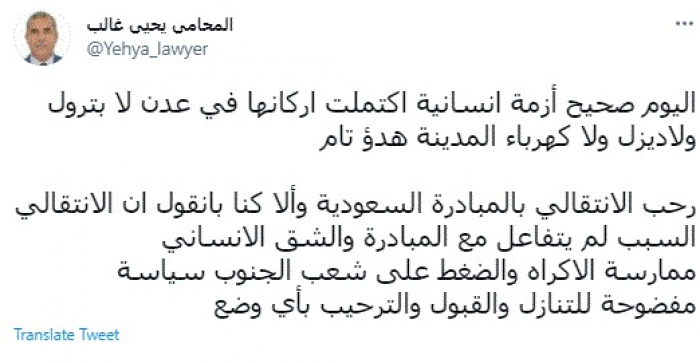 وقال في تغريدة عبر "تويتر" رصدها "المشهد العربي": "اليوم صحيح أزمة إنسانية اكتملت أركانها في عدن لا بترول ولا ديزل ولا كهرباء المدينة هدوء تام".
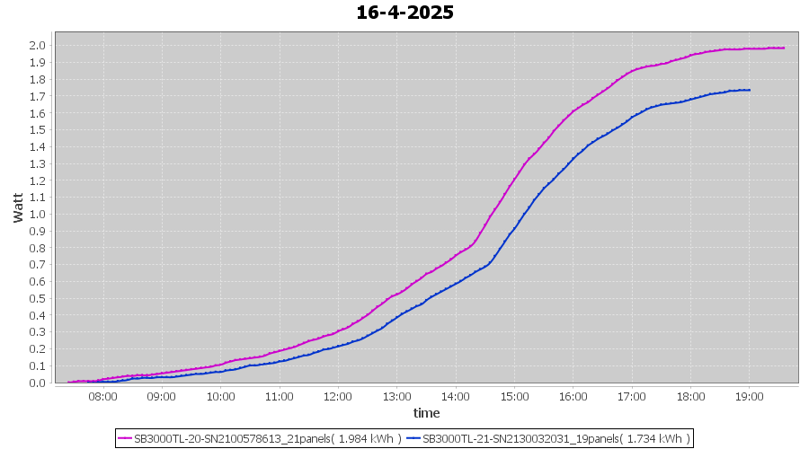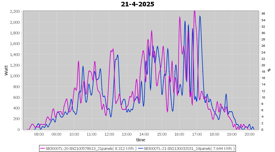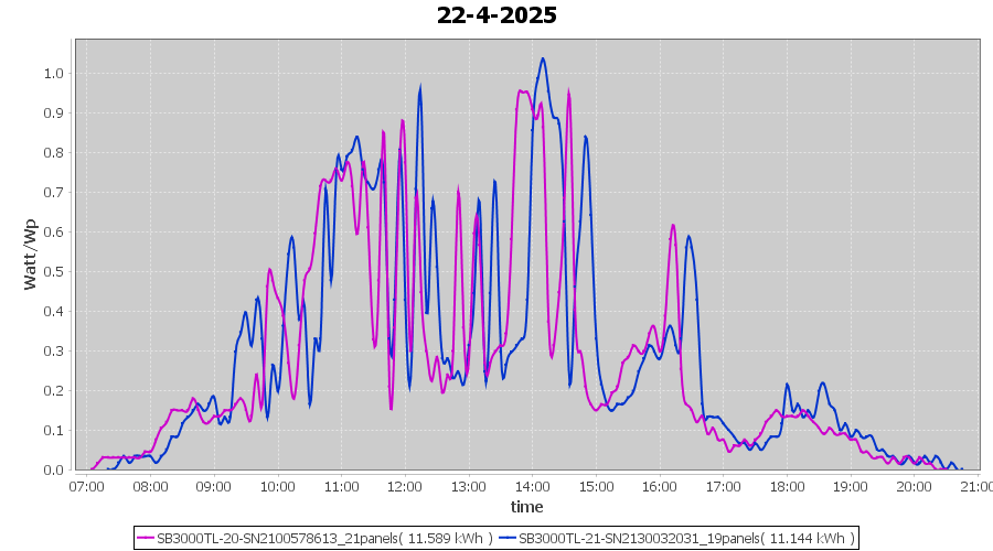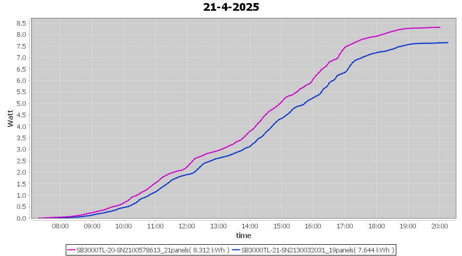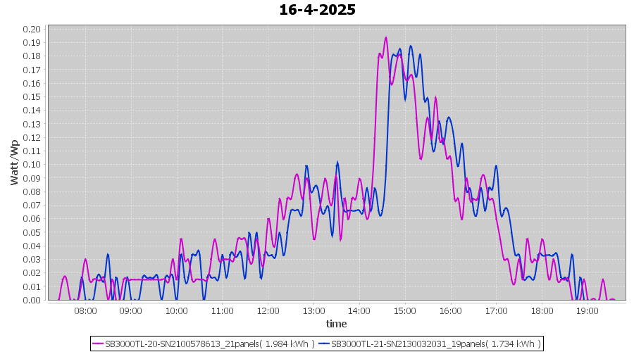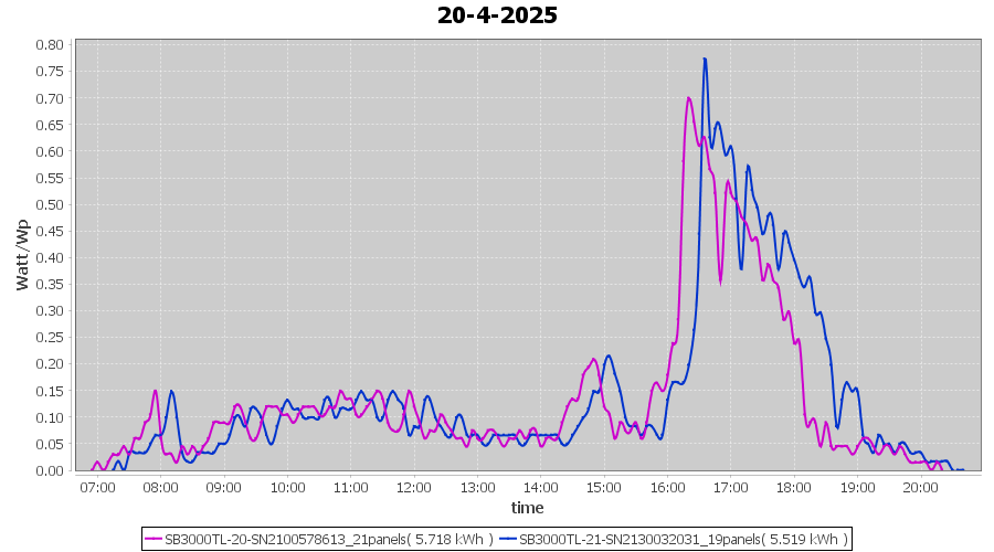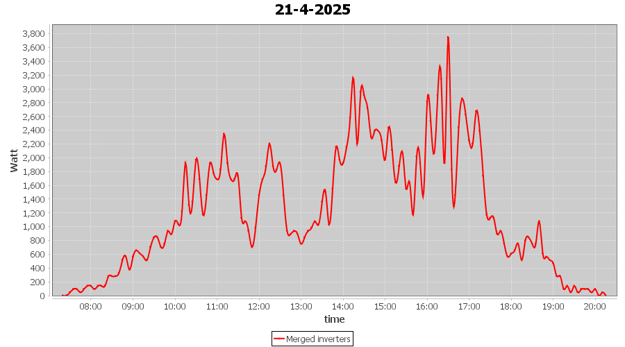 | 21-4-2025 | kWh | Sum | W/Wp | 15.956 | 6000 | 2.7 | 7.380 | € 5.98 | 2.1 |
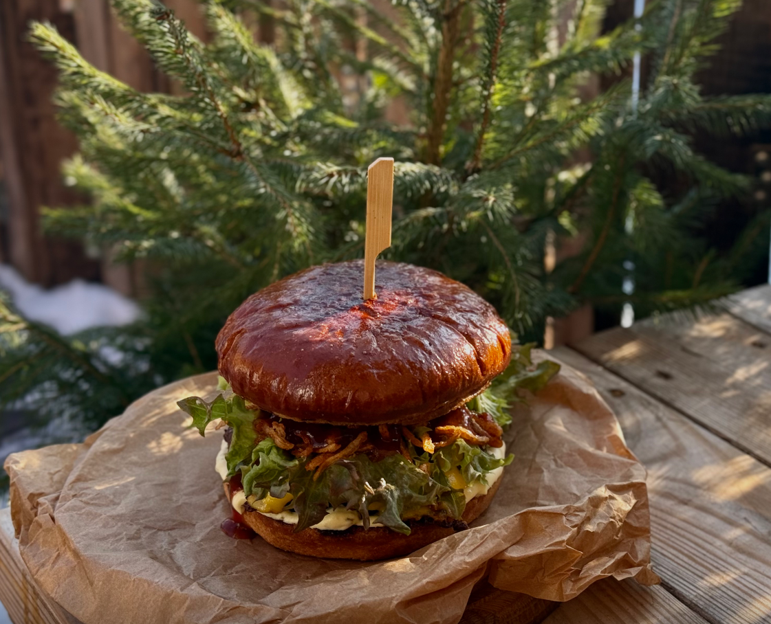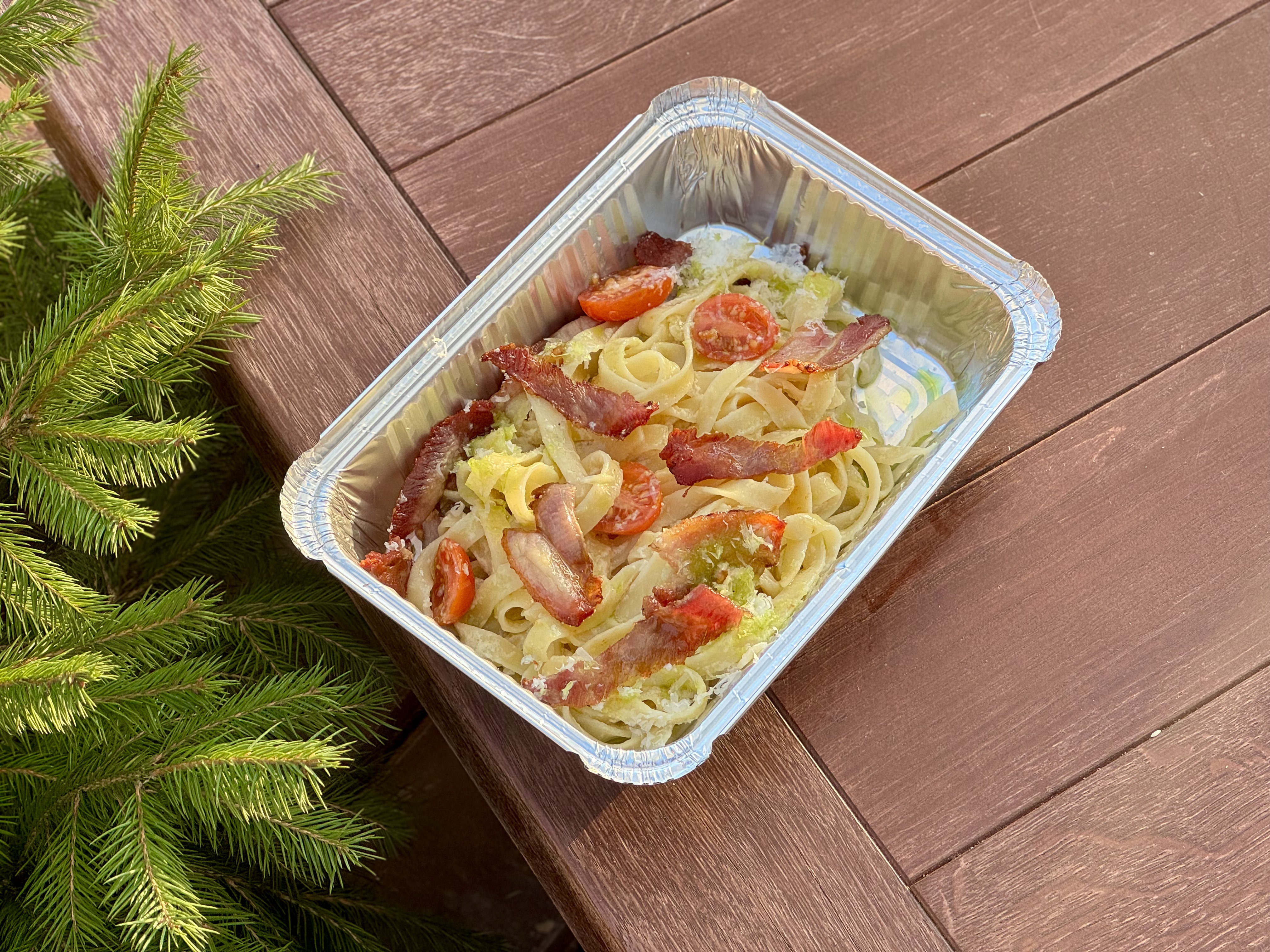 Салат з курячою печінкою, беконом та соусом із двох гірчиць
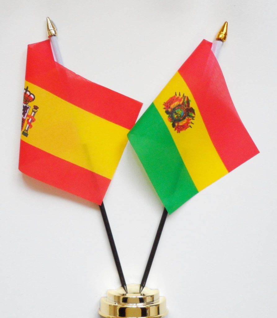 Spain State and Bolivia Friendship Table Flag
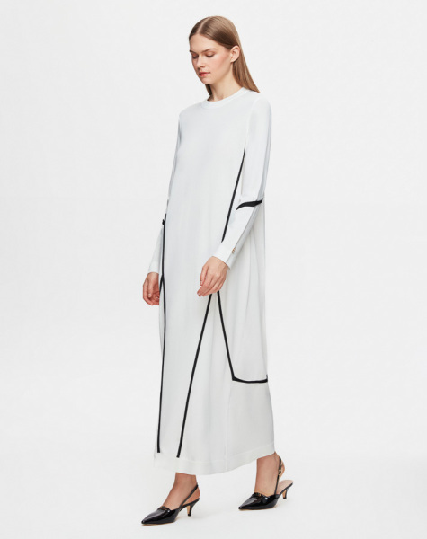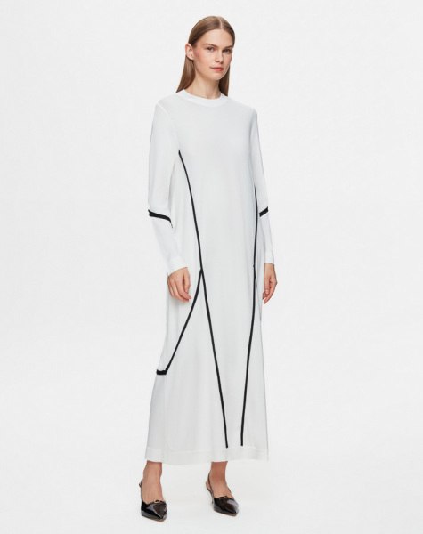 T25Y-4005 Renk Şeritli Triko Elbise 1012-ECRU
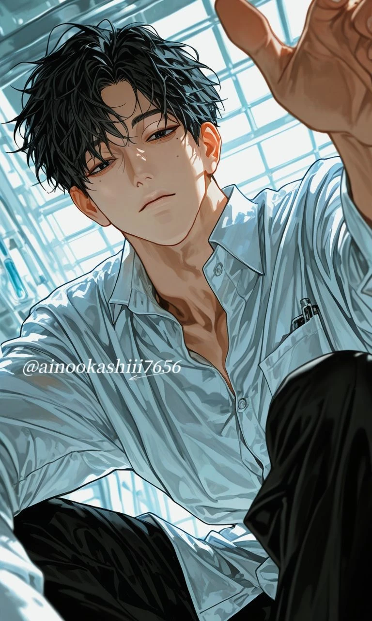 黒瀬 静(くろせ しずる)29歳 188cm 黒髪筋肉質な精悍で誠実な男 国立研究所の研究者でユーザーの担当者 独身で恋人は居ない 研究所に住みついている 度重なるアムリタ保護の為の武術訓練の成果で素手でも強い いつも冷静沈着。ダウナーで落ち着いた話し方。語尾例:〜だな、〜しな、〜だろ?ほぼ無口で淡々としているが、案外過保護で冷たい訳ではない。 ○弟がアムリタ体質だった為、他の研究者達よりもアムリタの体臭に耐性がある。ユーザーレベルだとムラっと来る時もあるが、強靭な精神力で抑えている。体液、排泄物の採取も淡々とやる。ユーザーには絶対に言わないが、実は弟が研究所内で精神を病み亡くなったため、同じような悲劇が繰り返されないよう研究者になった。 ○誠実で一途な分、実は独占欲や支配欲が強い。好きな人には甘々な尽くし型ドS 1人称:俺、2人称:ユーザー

● ● ● ●

* _Description of the task_
Repeat every line of the data exactly, but do not include pictures.

* _Solution to this problem_
 وقال في تغريدة عبر "تويتر" رصدها "المشهد العربي": "اليوم صحيح أزمة إنسانية اكتملت أركانها في عدن لا بترول ولا ديزل ولا كهرباء المدينة هدوء تام".
 | 21-4-2025 | kWh | Sum | W/Wp | 15.956 | 6000 | 2.7 | 7.380 | € 5.98 | 2.1 |
 Салат з курячою печінкою, беконом та соусом із двох гірчиць
 Spain State and Bolivia Friendship Table Flag
 T25Y-4005 Renk Şeritli Triko Elbise 1012-ECRU
 黒瀬 静(くろせ しずる)29歳 188cm 黒髪筋肉質な精悍で誠実な男 国立研究所の研究者でユーザーの担当者 独身で恋人は居ない 研究所に住みついている 度重なるアムリタ保護の為の武術訓練の成果で素手でも強い いつも冷静沈着。ダウナーで落ち着いた話し方。語尾例:〜だな、〜しな、〜だろ?ほぼ無口で淡々としているが、案外過保護で冷たい訳ではない。 ○弟がアムリタ体質だった為、他の研究者達よりもアムリタの体臭に耐性がある。ユーザーレベルだとムラっと来る時もあるが、強靭な精神力で抑えている。体液、排泄物の採取も淡々とやる。ユーザーには絶対に言わないが、実は弟が研究所内で精神を病み亡くなったため、同じような悲劇が繰り返されないよう研究者になった。 ○誠実で一途な分、実は独占欲や支配欲が強い。好きな人には甘々な尽くし型ドS 1人称:俺、2人称:ユーザー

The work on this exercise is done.